→ **DATA EXCERPT**
═══
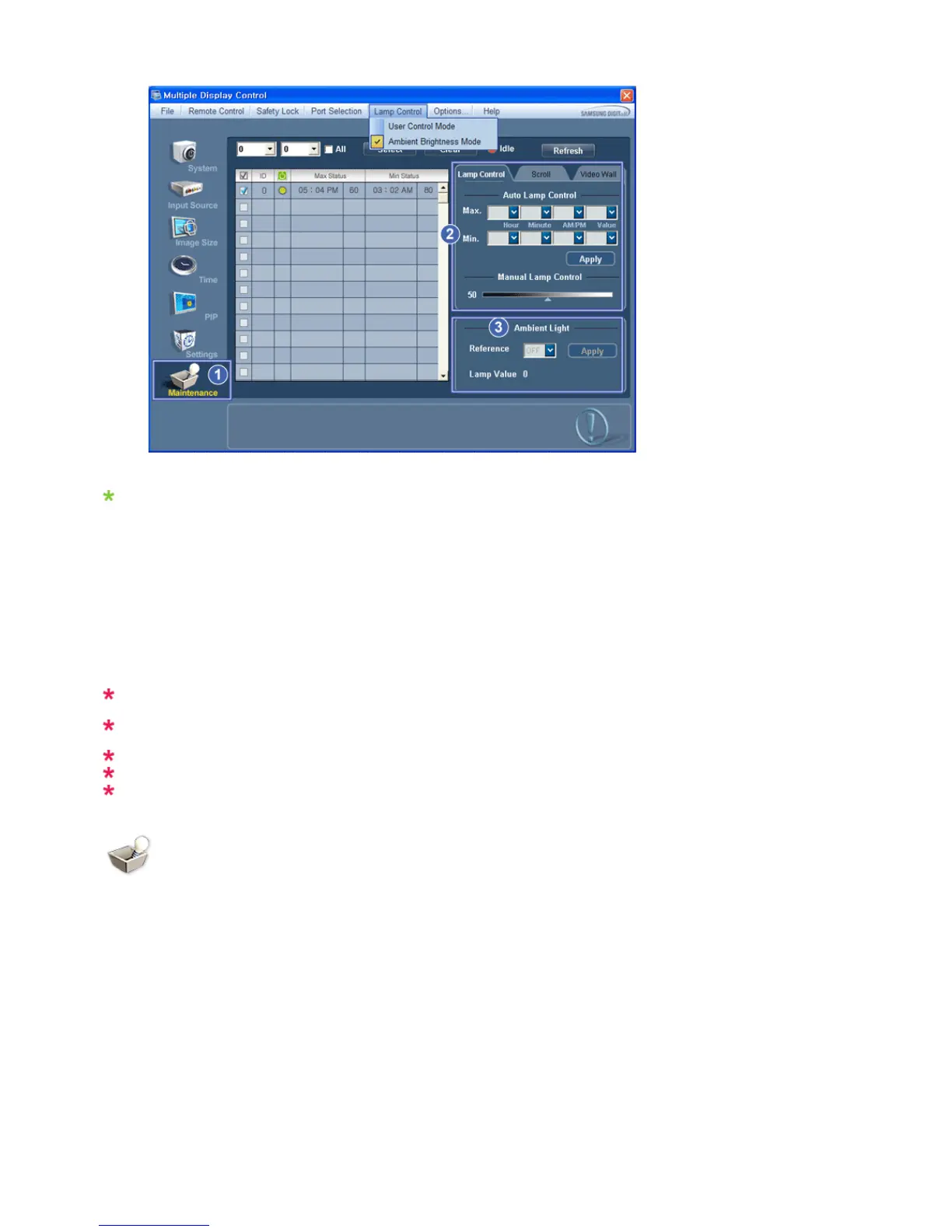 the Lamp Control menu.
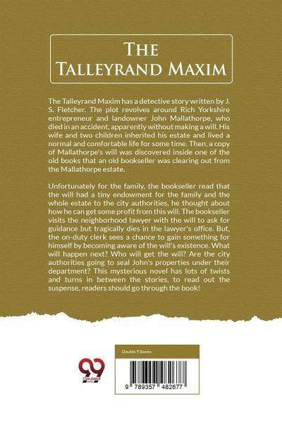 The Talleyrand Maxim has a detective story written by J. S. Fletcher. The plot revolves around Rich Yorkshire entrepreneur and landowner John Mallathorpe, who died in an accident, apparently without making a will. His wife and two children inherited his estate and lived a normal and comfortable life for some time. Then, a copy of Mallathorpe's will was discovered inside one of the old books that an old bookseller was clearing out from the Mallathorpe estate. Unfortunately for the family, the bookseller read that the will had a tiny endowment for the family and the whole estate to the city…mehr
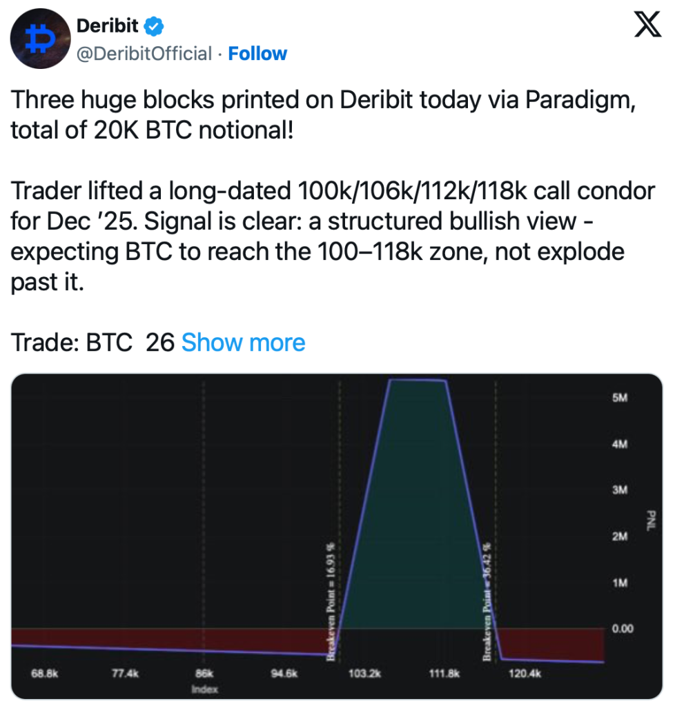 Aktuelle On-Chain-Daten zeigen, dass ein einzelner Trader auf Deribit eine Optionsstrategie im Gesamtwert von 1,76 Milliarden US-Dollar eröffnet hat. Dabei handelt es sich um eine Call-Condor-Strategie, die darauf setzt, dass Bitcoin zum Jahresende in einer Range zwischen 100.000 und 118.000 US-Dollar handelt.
═══
→ **ABOUT THIS EXERCISE**
Would you copy out all the data exactly, without the images?

→ **SOLUTION TO THIS PROBLEM**
 the Lamp Control menu.
 The Talleyrand Maxim has a detective story written by J. S. Fletcher. The plot revolves around Rich Yorkshire entrepreneur and landowner John Mallathorpe, who died in an accident, apparently without making a will. His wife and two children inherited his estate and lived a normal and comfortable life for some time. Then, a copy of Mallathorpe's will was discovered inside one of the old books that an old bookseller was clearing out from the Mallathorpe estate. Unfortunately for the family, the bookseller read that the will had a tiny endowment for the family and the whole estate to the city…mehr
 Aktuelle On-Chain-Daten zeigen, dass ein einzelner Trader auf Deribit eine Optionsstrategie im Gesamtwert von 1,76 Milliarden US-Dollar eröffnet hat. Dabei handelt es sich um eine Call-Condor-Strategie, die darauf setzt, dass Bitcoin zum Jahresende in einer Range zwischen 100.000 und 118.000 US-Dollar handelt.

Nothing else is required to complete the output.